Every sea dive, and a fair bit while practicing in the local quarry. I mostly dive wrecks and deploy it from depth. If 30m or shallower, I deploy it before beginning the ascent. Deeper than 30m, it's deployed from 21m when i hit my first stop.
In the off chance i'm drift diving (very rare), it's either deployed once i hit the bottom or I inflate my blob on the boat and let line out of my spool as i descend.

Without my blob, how else is the boat supposed to find me?
 
How many of you actually do this.
Add one to your count.
I would also like to find out HOW do you deploy your safety buoy,
Drag it with me everywhere I go on NJ shore dives. NJ is really serious about this.
If perhaps you have not felt the need to use a dive buoy and flag or deploy a surface marker tell us why you think it is not
worth the effort.
Mixed feelings. I hate the danm thing, but I also saw what a propeller can do to a tank on the back of a Boyscout. (South Padre Island) First hand experience, I was in the water when it happened. I'd bet someone still has that tank on display...
 
just bought one (smb) so yes i guess
 
I take an smb and spool on every dive, whether from a boat or from shore.

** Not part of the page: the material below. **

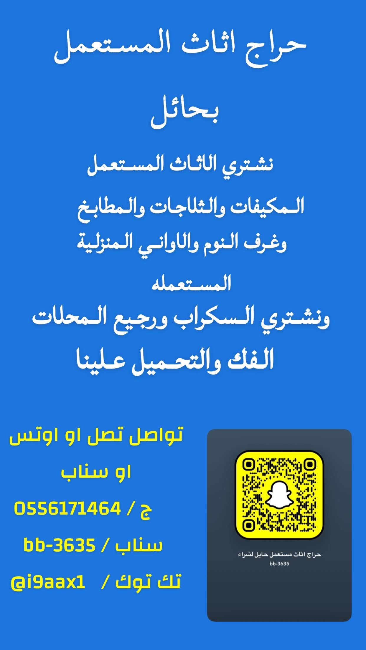 حراج حائل تبع اثاث مستعمل نشتري جميع الاثاث المنزلي من مكيفات ثلاجات مطابخ اواني منزليه قدور عفش كامل حديد سكراب

Usually I deploy it from my safety stop regardless of whether I'm in an area where boats are not allowed. This is practice for times when it really comes in handy, like when I'm making an ascent from an underwater pinnacle at 30m with 0 vis in the top 15m due to an algae bloom. I find that gradually spooling in the line makes it much easier to control my ascent rate when I have no visual reference and can barely read my gauges.

Here is the exact method I use: ProTech Skills SMB Deployment
My AOW class was somewhat bare-bones, so I was never actually taught smb deployment by an instructor. This concise demonstration cleaned up my technique significantly.

As an aside, we should all remember that having an smb on the surface does not guarantee that boats will go around you, even boats that should know better. Once while boat diving I was ascending from my safety stop when the dive boat cruised right over my smb, which was 1-2m above me at most. I was surprised to say the least to see the hull coming my way through the water, and I immediately flipped over and descended quickly enough to miss a brush with the propellers. The driver had gotten distracted helping my buddy with something.
 
i have an SMB with me on all open water dives, doesn't usually come out, but that's mainly because I'm usually on an anchor line and they can tell by size of bubbles when we are on the stop. For drift dives or dives not off of a boat I will tow a buoy but it is different than my SMB. Mako's Hawaiian Hard Float is probably the best one I have seen for this application. My SMB is a Deep Sea Supply, deploy it with a reel and clip it off. I use light line for this in case it gets caught in something, more likely to break the line than me. #18 is what I use, the floats are on hi-viz dacron so close to #36. Also on a spool that is clipped off unless there are a lot of depth changes planned. Make sure on this one to have 1.5x your depth in line otherwise you're in for a big problem
 
I or someone I'm diving uses one on almost every ocean dive. Lots of drift diving on the east coast of Fl.